DATA EXTRACT
BEGIN
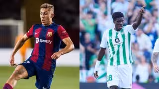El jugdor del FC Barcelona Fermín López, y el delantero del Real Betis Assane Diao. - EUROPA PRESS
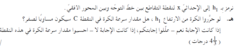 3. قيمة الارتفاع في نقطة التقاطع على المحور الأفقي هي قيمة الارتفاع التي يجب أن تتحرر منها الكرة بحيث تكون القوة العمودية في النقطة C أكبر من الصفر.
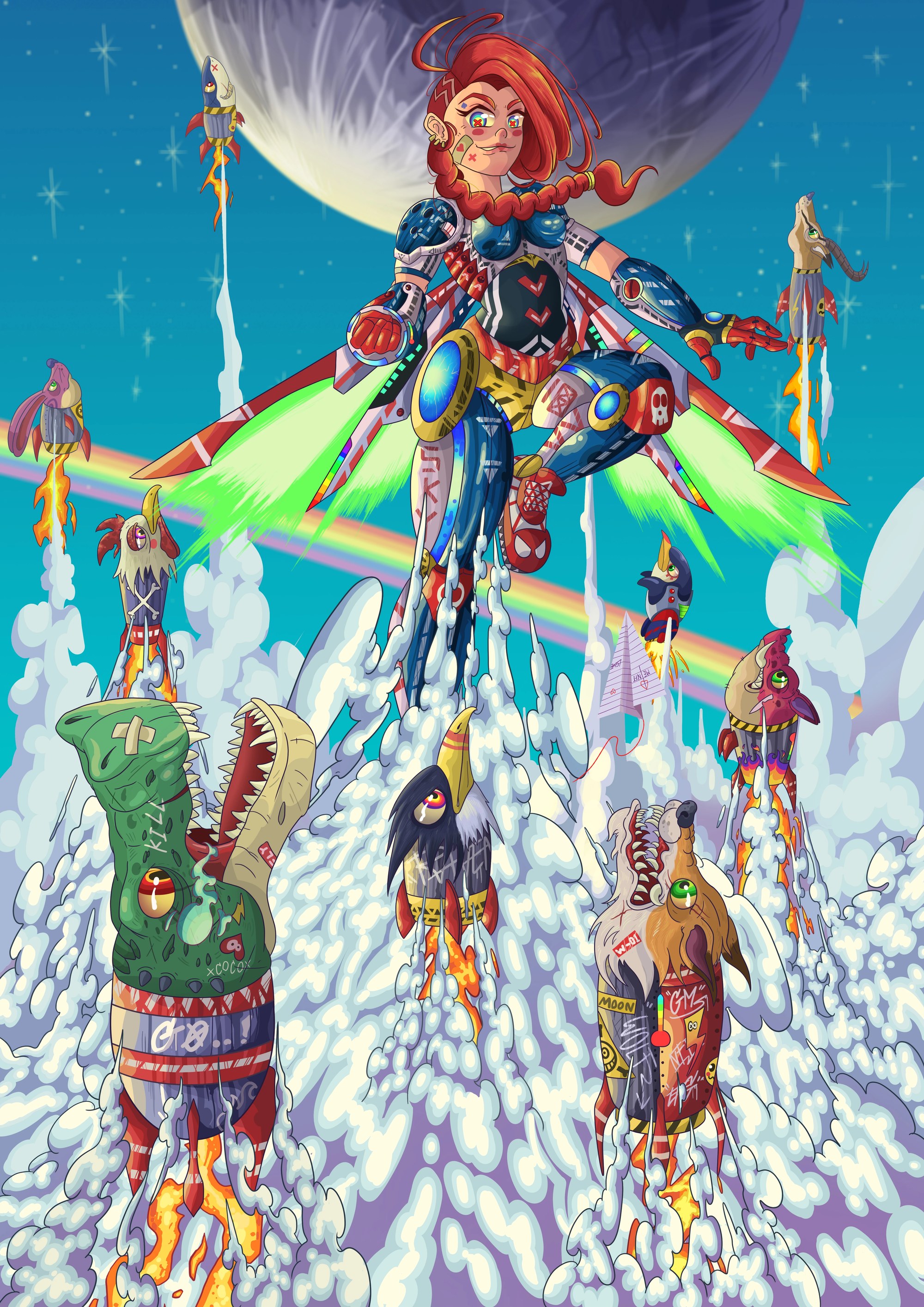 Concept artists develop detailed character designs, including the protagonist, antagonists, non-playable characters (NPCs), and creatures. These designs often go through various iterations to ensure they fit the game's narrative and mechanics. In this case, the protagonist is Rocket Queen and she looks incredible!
END
BEGIN
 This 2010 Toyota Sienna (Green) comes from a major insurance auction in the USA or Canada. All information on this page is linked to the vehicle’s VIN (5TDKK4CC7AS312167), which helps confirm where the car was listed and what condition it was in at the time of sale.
END
BEGIN
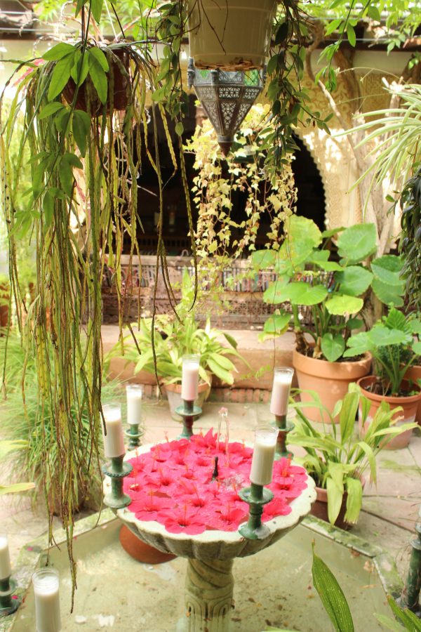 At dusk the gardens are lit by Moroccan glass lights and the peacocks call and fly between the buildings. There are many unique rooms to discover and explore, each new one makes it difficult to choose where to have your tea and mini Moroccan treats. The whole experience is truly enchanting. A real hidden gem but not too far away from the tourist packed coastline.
END
WORK TO BE COMPLETED
What you return from the records above should be exactly everything from the line with "3. قيمة الارتفاع" down to the line with "Concept artists develop", both kept, and no pictures.

TASK RESULT
 3. قيمة الارتفاع في نقطة التقاطع على المحور الأفقي هي قيمة الارتفاع التي يجب أن تتحرر منها الكرة بحيث تكون القوة العمودية في النقطة C أكبر من الصفر.
 Concept artists develop detailed character designs, including the protagonist, antagonists, non-playable characters (NPCs), and creatures. These designs often go through various iterations to ensure they fit the game's narrative and mechanics. In this case, the protagonist is Rocket Queen and she looks incredible!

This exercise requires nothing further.